▶ [Work task] The result should be an exact copy of only the lines from the one with "29.12.2025 | |" through the last line of the data below, with pictures omitted.

──────── Dataset section ────────

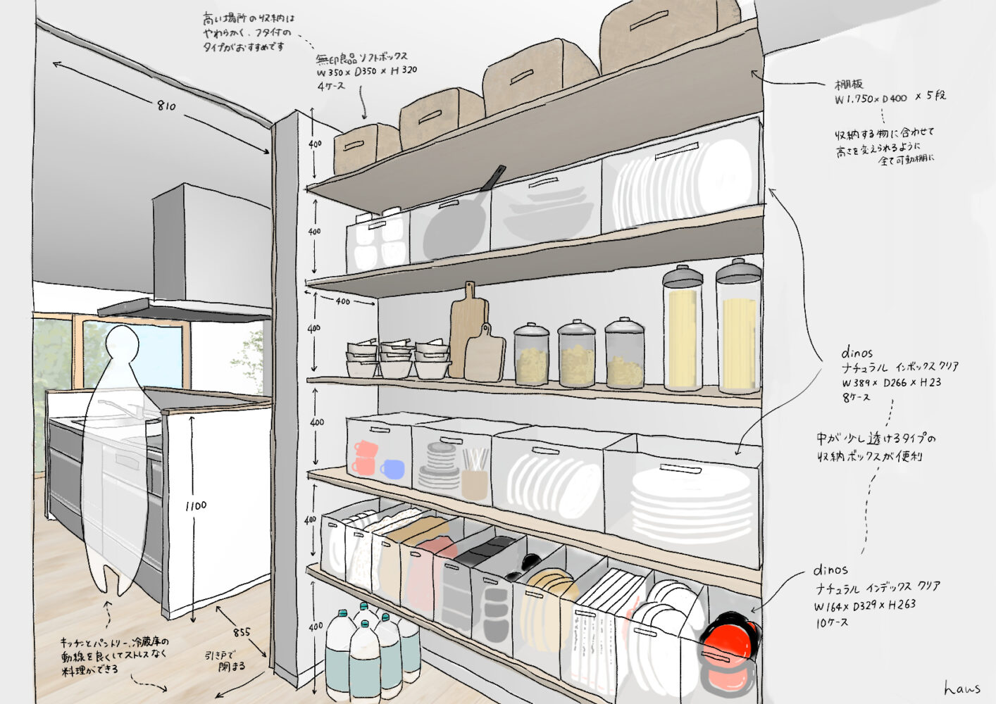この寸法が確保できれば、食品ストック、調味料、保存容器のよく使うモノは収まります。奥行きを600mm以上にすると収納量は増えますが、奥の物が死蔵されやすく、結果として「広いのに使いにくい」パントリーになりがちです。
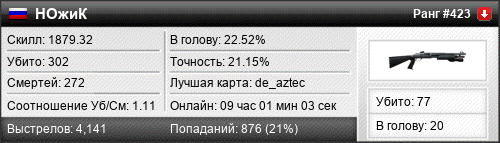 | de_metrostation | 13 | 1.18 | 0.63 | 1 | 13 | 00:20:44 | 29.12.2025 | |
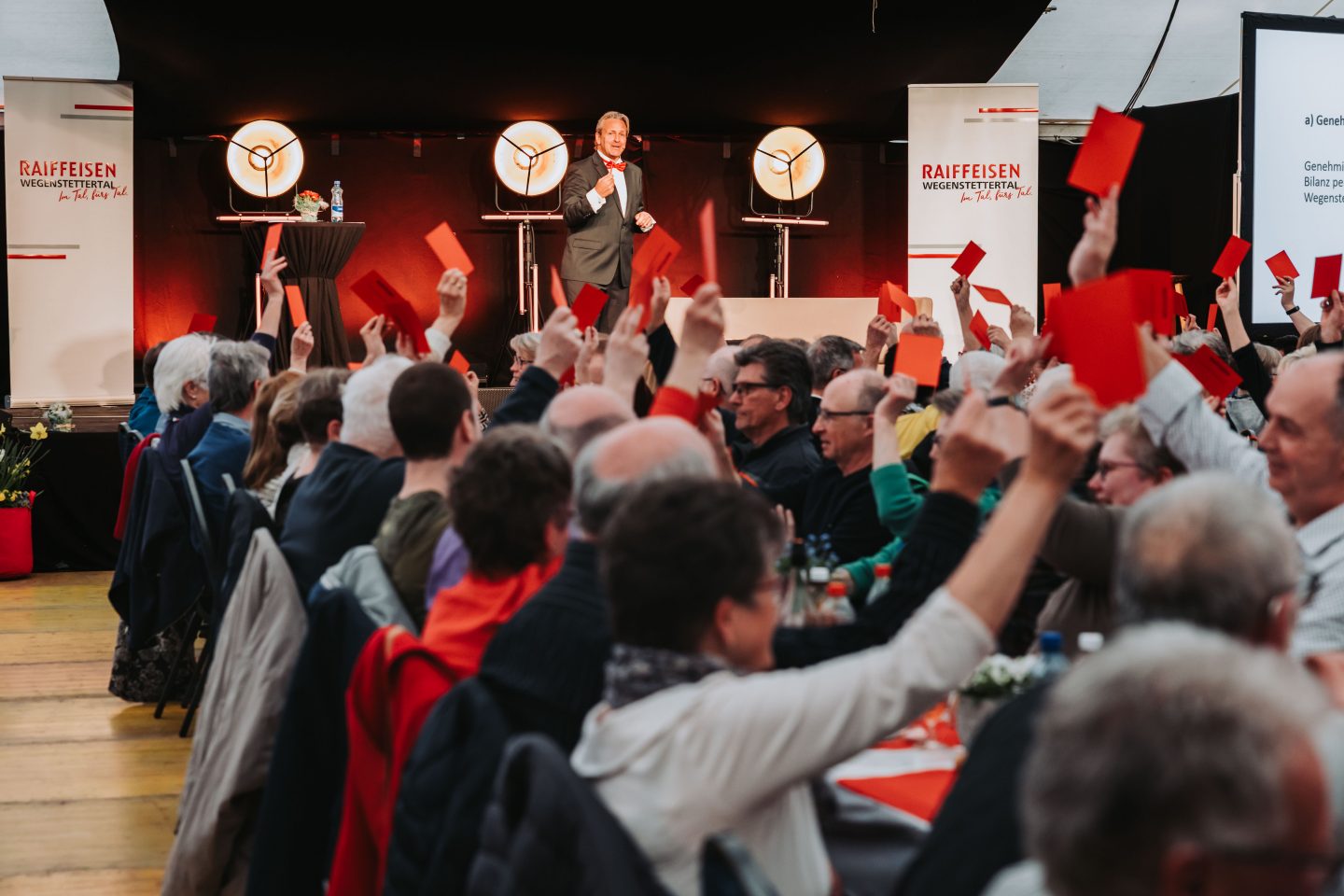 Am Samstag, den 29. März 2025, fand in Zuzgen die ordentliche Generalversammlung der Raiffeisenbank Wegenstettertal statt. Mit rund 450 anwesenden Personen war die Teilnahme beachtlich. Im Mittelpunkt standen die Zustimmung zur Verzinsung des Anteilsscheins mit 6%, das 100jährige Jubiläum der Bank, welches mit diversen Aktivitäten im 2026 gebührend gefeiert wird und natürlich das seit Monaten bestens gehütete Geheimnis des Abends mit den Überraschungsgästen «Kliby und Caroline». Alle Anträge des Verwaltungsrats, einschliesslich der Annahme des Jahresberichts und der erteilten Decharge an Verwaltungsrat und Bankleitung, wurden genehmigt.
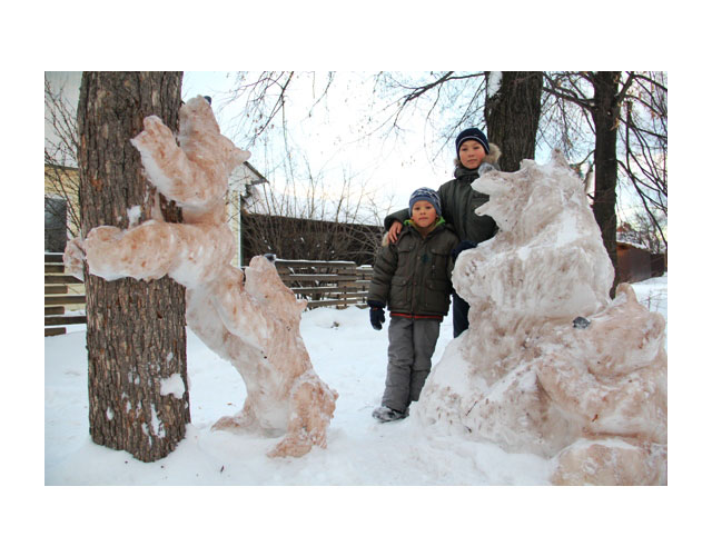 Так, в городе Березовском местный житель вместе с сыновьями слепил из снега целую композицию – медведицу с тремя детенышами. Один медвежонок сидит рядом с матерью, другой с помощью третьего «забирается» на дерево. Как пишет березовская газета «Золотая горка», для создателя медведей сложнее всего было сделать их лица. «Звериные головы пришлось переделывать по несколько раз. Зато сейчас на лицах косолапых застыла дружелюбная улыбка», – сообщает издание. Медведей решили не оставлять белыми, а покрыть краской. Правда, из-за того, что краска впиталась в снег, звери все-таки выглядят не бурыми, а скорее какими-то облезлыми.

────────

▶ [Response area]
 | de_metrostation | 13 | 1.18 | 0.63 | 1 | 13 | 00:20:44 | 29.12.2025 | |
 Am Samstag, den 29. März 2025, fand in Zuzgen die ordentliche Generalversammlung der Raiffeisenbank Wegenstettertal statt. Mit rund 450 anwesenden Personen war die Teilnahme beachtlich. Im Mittelpunkt standen die Zustimmung zur Verzinsung des Anteilsscheins mit 6%, das 100jährige Jubiläum der Bank, welches mit diversen Aktivitäten im 2026 gebührend gefeiert wird und natürlich das seit Monaten bestens gehütete Geheimnis des Abends mit den Überraschungsgästen «Kliby und Caroline». Alle Anträge des Verwaltungsrats, einschliesslich der Annahme des Jahresberichts und der erteilten Decharge an Verwaltungsrat und Bankleitung, wurden genehmigt.
 Так, в городе Березовском местный житель вместе с сыновьями слепил из снега целую композицию – медведицу с тремя детенышами. Один медвежонок сидит рядом с матерью, другой с помощью третьего «забирается» на дерево. Как пишет березовская газета «Золотая горка», для создателя медведей сложнее всего было сделать их лица. «Звериные головы пришлось переделывать по несколько раз. Зато сейчас на лицах косолапых застыла дружелюбная улыбка», – сообщает издание. Медведей решили не оставлять белыми, а покрыть краской. Правда, из-за того, что краска впиталась в снег, звери все-таки выглядят не бурыми, а скорее какими-то облезлыми.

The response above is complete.